Task requirements. Write out, word for word, the part of the listing below that opens with the line containing "L'acquisition de meilleures" and closes with the line containing "Pratiquement, l'inscription est", keeping both of those lines and adding no others.

Provided material.
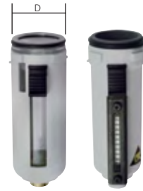
Typ BOL 1 F Typ BOLM 1 F
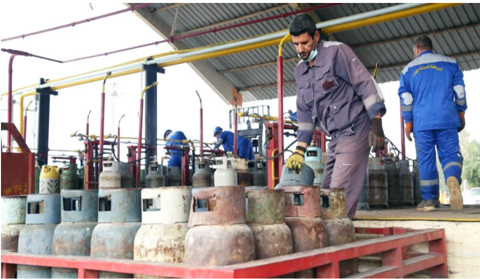
تعبئة : عمال يقومون بتعبئة قناني الغاز

إلى ذلك، نفي رئيس مجلس محافظة كربلاء قاسم البساري، وجود أي شح في مادة الغاز أو وصول سعر القنبلة إلى 33 ألف دينار. وأكد البساري في بيان امس (جيب قطع الطريق أمام المعلومات سديم المونوقفة)، وأضاف (لدينا 10 معامل تعبئة، ما بين حكومية واهلية، تعمل بطاقة إنتاجية تتجاوز 30 ألف أسطوانة غاز يومياً)، مشيراً إلى أن (أي وكيل غاز يشتد منه سعر القنبلة سيتم سحب الوكالة منه وإحاقته إلى القضاء بالتنسيق مع مديرية المنتجات النفطية في كربلاء)، مبيناً أن (الاحتياطي من مادة الغاز يغطي حاجة المواطن الفلبية طوال فصل الشتاء)، واستطرد بالقول إن (هناك لجاناً مستمرة في عملها لمتابعة الأسعار ومحاسبة المتلاعبين، ولا توجد أي أزمة في كربلاء، وأن هذه الشائعات صدرت من بغداد)، وشدد على القول إن (المعامل العشرة يتم تأمين حاجتها من الغاز عن طريق مصرف كربلاء، لضمان استمرار التزويد بشكل منتظم).
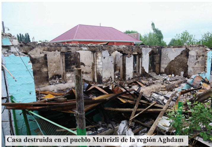
Casa destruida en el pueblo Mahrizli de la región Aghdam
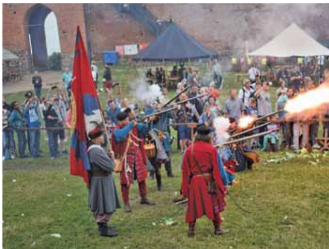
Bitwa na Zamku to zacięta walka z wykorzystaniem broni palnej

ORGANIZATORZY: OŚRODEK KULTURY W GÓRZE KALWARII, SMOCZA KOMPANIA.
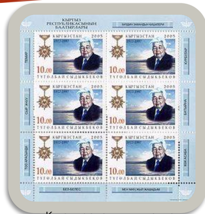
Кыргызстандын почта маркасы, 2005-жыл
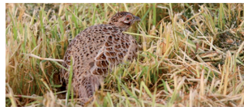
L'acquisition de meilleures connaissances participe à une gestion raisonnée des espèces

Pratiquement, l'inscription est prise via le site www.chasse.be/formations ou auprès du secrétariat du RSHCB (081/30.97.81). Le coût de la formation est de 150,00 euros comprenant le syllabus, les cours, visites et conférences.
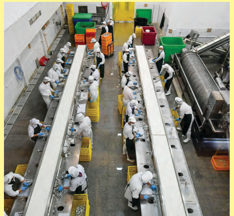
KEBAWAH Duli Yang Maha Mulia Paduka Seri Baginda Sultan Haji Hassanal Bolkiah Mu'izzaddin Waddaulah, Sultan dan Yang Di-Pertuan Negara Brunei Darussalam berkenan mendengarkan sembah penerangan mengenai produk yang dikeluarkan oleh Golden Corporation Sdn. Bhd. (kiri), sementara gambar kanan, antara pekerja yang berkhidmat di Golden Corporation Sdn. Bhd.
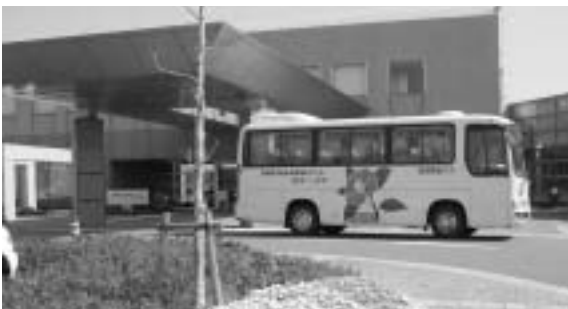
総合保健福祉センター（カミリーヤ）
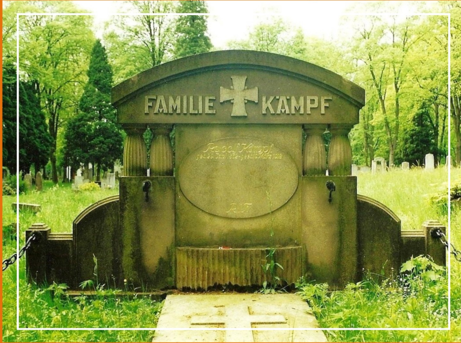
graf van Rudolf Kämpf
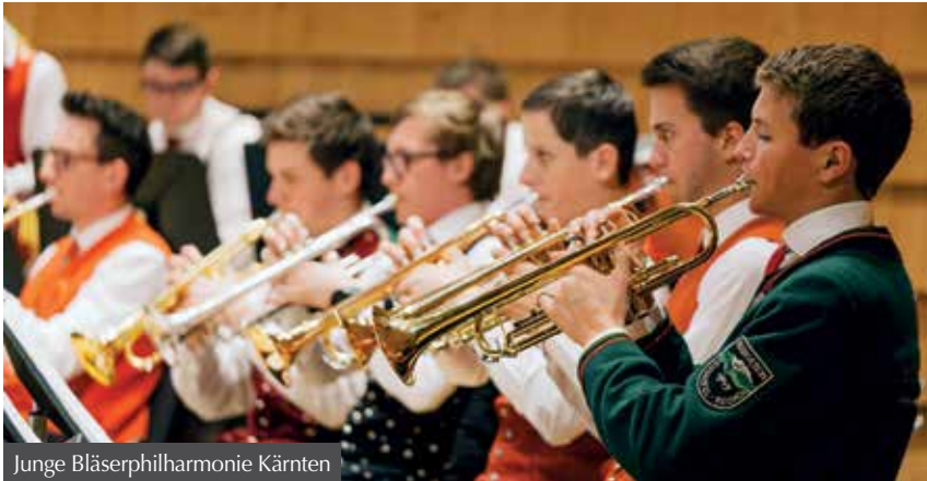
Junge Bläserphilharmonie Kärnten

jährige gute Leistungen bei Konzert- und Marschwertungen, die Teilnahme an oder die Organisation von überregionalen Veranstaltungen und besondere Jugendaktivitäten. „Wir sind sehr stolz, als erste Kapelle diesen Würdigungspreis erhalten zu haben“, betonen die Musiker der TK Ebene Reichenau.
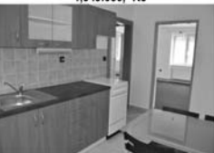
2+1, Kuřim, nám. Osvobození zvyš. přízemí, CP 56 m 2 9.000,- Kč/měsíc/včetně inkasa
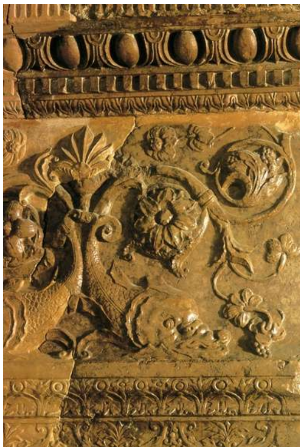
10. kép: Delfines fríz márványtöredék a budai palotából

hetvenes években – egyre nagyobb szerephez jutott a reneszánsz dekoratív szobrászat. Az oszlopfőkön, frízeken, pilasztereken bőséges alkalom nyílt ornamentális vagy figurális díszre.
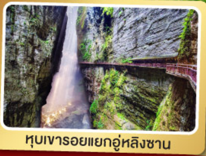
หุบเขารอยแยกอู่หลิงซาน
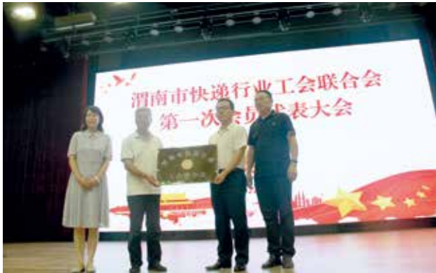
2022 年 8 月 3 日，渭南市快递行业工会联合会成立（渭南市邮政管理局）

处，普遍服务营业和投递质量得到提升。加强巡视专用邮箱监管和研究生考试试卷的运输保障。持续推进邮快合作，邮快合作建制村占比达 38.1%。做好机要通信监管工作，对全市 11 个机要场所进行 2 轮全覆盖检查。加大“扫黄打非”监管力度，建成一批邮政快递业“扫黄打非”基层工作站示范点。
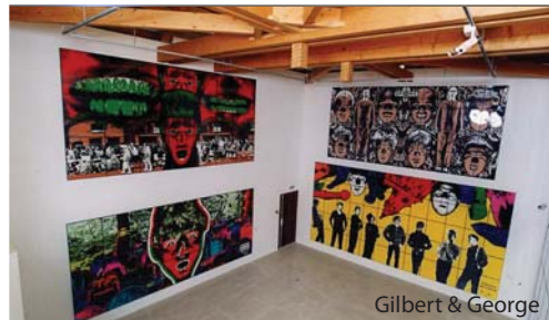
Gilbert & George
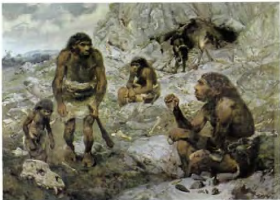
Homo sapiens neanderthalensis (olej z roku 1954)
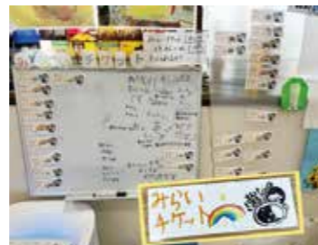
みらいチケット1枚でこどもカレー1杯が食べられるよ!

「お腹いっぱいならケンカせん」。食堂を営む亡き父にそういわれて育って来た私は、何を決意したからでもなく、誰から言われたからでもなく、自然の流れで、こども食堂をスタートさせました。現実には、給食しか食べられない子、ネグレクト、貧困と小さな胸に大きな傷を抱えている子がほとんどです。特にどの子も自分をこんな環境においた「親」を憎んでいます。今の私にできる役目は、「お腹を満たす事」、「命の本（もと）」である両親が、あって今の自分の命がある事を子ども達に伝える事です。有難いことに、商品にならない食材を提供していただいたり、お客様から1枚200円で「みらいチケット」をご購入いただいたり運営ができています。私の最終の願いは、温かいご飯を家で食べる事のできる、こども食堂なんて必要のない未来になる事です。どのお家の子も、平等に幸せに生きていける世の中になりますように。
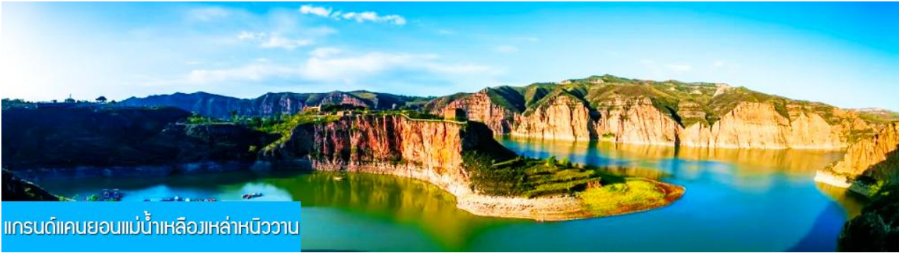
แกรนด์แคนยอนแม่น้ำเหลืองเหล่าหนิววาน

พักที่ DALATEQI SHNAGJING HOTEL โรงแรมระดับ 4 ดาวหรือเทียบเท่าในเมืองต้าลาเท่อ
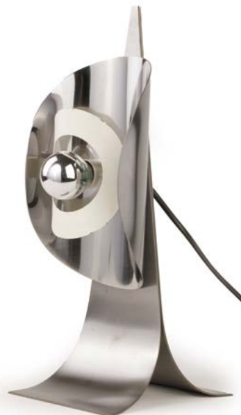
121 LAMPE À POSER Futuriste Space Age en inox brossé et métal laqué France, années 1970 38 x 12,5 x 17,5 cm € 250 – 400
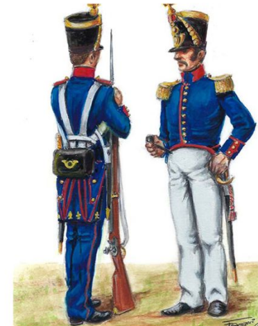
Fusileros del Rey, s.XIX
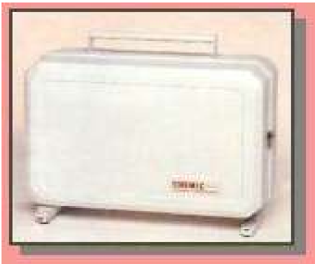
Proiettore chiuso - Closed projector - Projecteur fermé
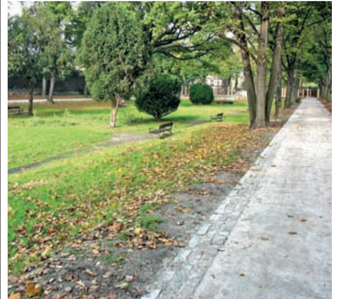
Już wkrótce rozpocznie się modernizacja i gruntowna przebudowa także dolnych alejek tej części parku.

W połowie października zakończył się kolejny (i nie ostatni) etap rewitalizacji parku miejskiego w Środzie Śląskiej.
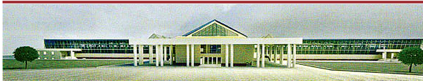
Павильон станции «Южная».
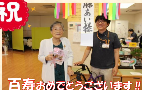
百寿おめでとうございます!!
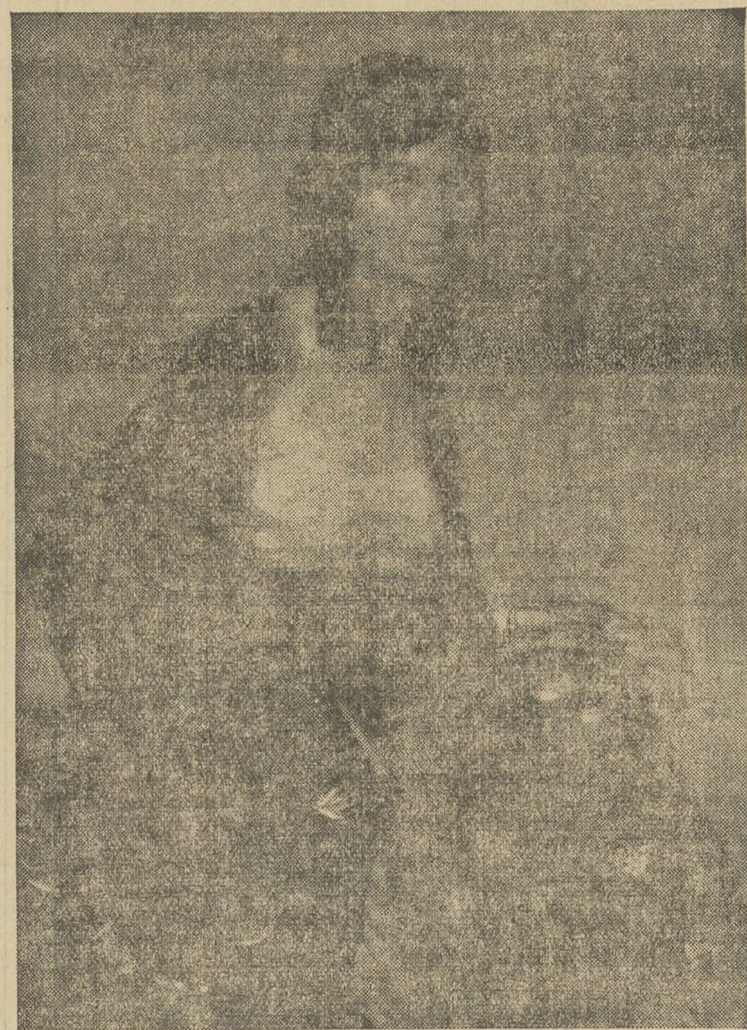
«TIRABUZONES NEGROS», HERMOSO LIENZO DEL GRAN PINTOR VALENCIANO
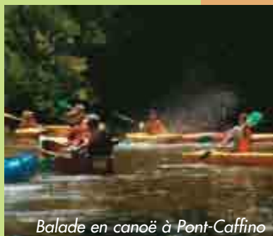
Balade en canoë à Pont-Caffino

Cité historique au caractère unique où la tuile et la brique se mêlent à l'ardoise et au granit. Le château domine la Sèvre Nantaise du haut d'un éperon rocheux depuis le XI e siècle. Le dédale de ruelles et le Parc de la Garenne Lemot forment un véritable décor aux couleurs d'Italie. 3 parcours, «Fenêtres... sur l'Italie», «Seigneurs et Dames» et «Ruine romantique» pour découvrir la ville et ses trésors cachés. Rens. à l'Office de Tourisme.
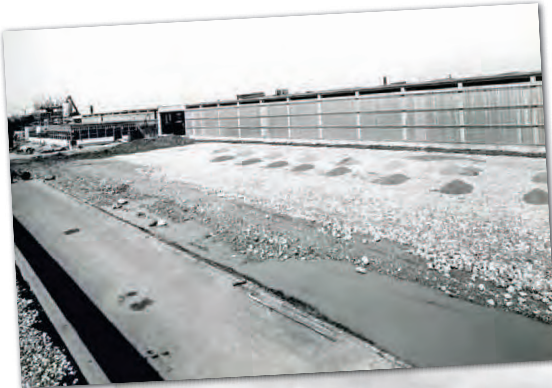
Byggeriet af centrallageret på Rørvang, juni 1965.
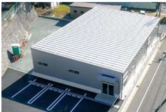
YESS建築(事務所) 浜松中区中沢町
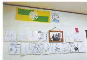
有名人も多く来店

厚みがあってボリュームたっぷり！生地はフワフワ。中は大きめの具がゴロゴロ♪甘すぎず辛すぎずマヨネーズにもピッタリの特製ブレンドソースは極上の味わい。テイクアウトもできます。
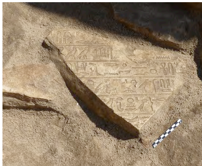
Fig. 11. Fragment d'une stèle de la XI e dynastie remployé dans le sable de fondation du déambulatoire E, section nord.
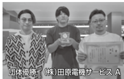
団体優勝 (株)田原電機サービス A
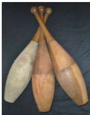
2- Massues Van Wyck, fin du XXème siècle. Premières massues produites en masse.

Les balles ont beau être l’objet de jonglerie le plus connu, encore fallait-il l’inventer ! Si maintenant les objets massues, balles, anneaux, diabolos, bâton du diable sont répandus, leur histoire est un véritable témoin de recherches des jongleurs pour mieux jongler, pour jongler avec autre chose, jusqu’à la production de masse des objets standardisés. Mais n’allez pas croire que tout a été inventé ! De nouvelles balles et massues, diabolos etc... sortent chaque année pour le plus grand plaisir des jongleurs.
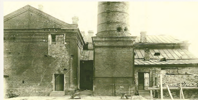
Зеркальная фабрика в годы оккупации.

Не были восстановлены после войны некоторые предприятия, которые доказали свою жизнеспособность в непростой для экономики период 1920–1930-х годов. Росту безработицы в 1921-м способствовали войны, гиперинфляция, остановка ряда предприятий и другие причины. Безработными становились в основном женщины и подростки. А преимущество участия на свободные места среди некачественно подготовленных работников получали демобилизованные красноармейцы.
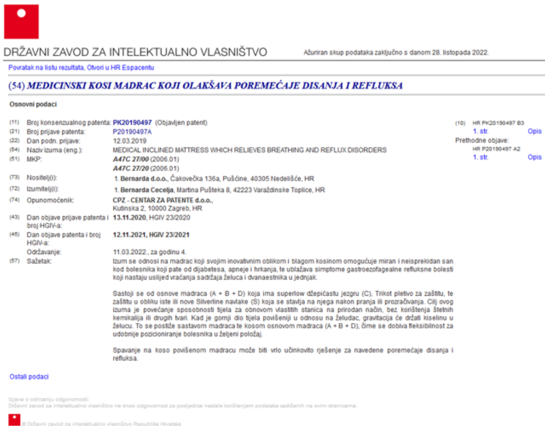
Slika 3. Primjer važećeg patenta 24

Primjer važećeg patenta vidljiv je na slici 3.

Reply to the exercise.
L'acquisition de meilleures connaissances participe à une gestion raisonnée des espèces

Pratiquement, l'inscription est prise via le site www.chasse.be/formations ou auprès du secrétariat du RSHCB (081/30.97.81). Le coût de la formation est de 150,00 euros comprenant le syllabus, les cours, visites et conférences.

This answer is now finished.